#### Data shown
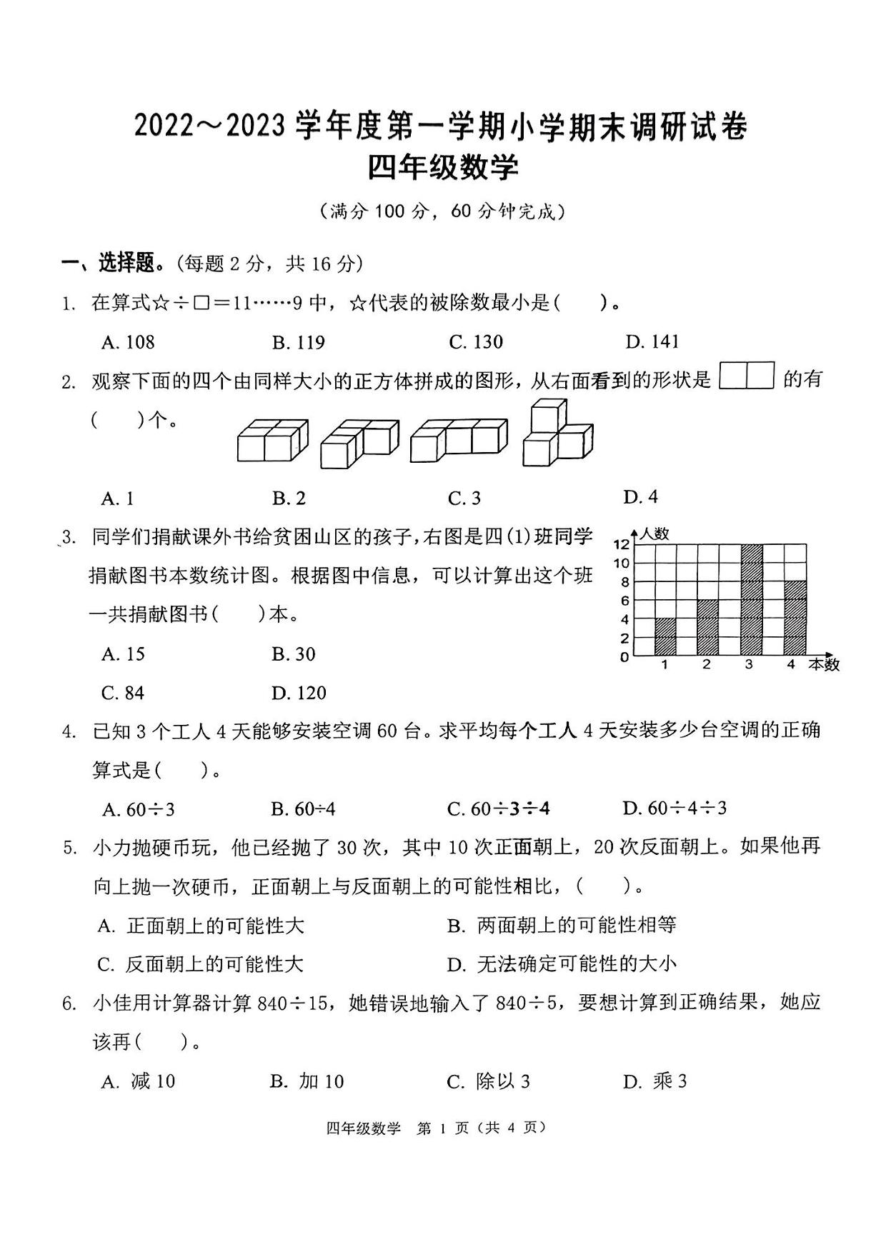 江苏省南通市如东县2022-2023学年度第一学期期末调研试卷四年级数学(苏教版)
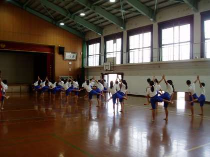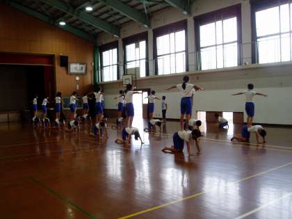 体育館では高学年の子どもたちが,組体操の練習をしていました。二人組を作り,技の出来栄えをレベルアップさせようと,話し合いながら技の完成を目指していました。
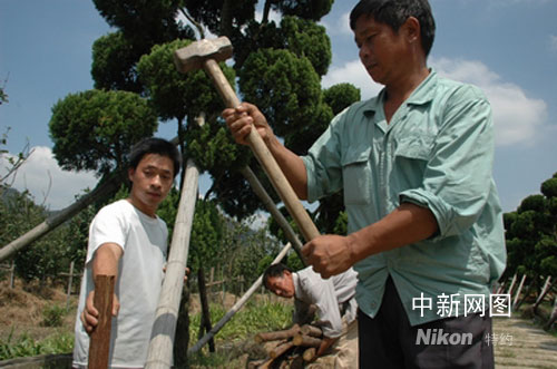 9月12日,園林工人在浙江臺州一苗圃加固花木,以應對臺風“森拉克”的到來。作 者:陳林聰
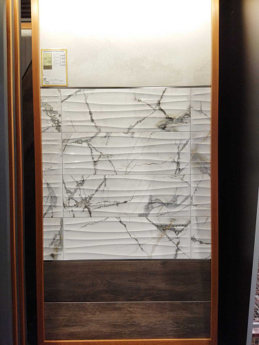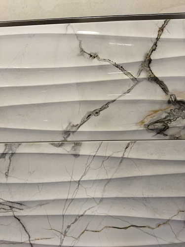 Керамическая плитка под мрамор, размер 25*75. Поверхность матовая. Подходит для ванной комнаты, кухни, коридора, прихожей. Подходит для стилей: Современный, Неоклассика, Классический.

#### Problem statement
Write out the lines of the listing from the one that holds "体育館では高学年の子どもたち" to the very last line, both included, exactly as they appear and without any pictures.

#### Task result
 体育館では高学年の子どもたちが,組体操の練習をしていました。二人組を作り,技の出来栄えをレベルアップさせようと,話し合いながら技の完成を目指していました。
 9月12日,園林工人在浙江臺州一苗圃加固花木,以應對臺風“森拉克”的到來。作 者:陳林聰
 Керамическая плитка под мрамор, размер 25*75. Поверхность матовая. Подходит для ванной комнаты, кухни, коридора, прихожей. Подходит для стилей: Современный, Неоклассика, Классический.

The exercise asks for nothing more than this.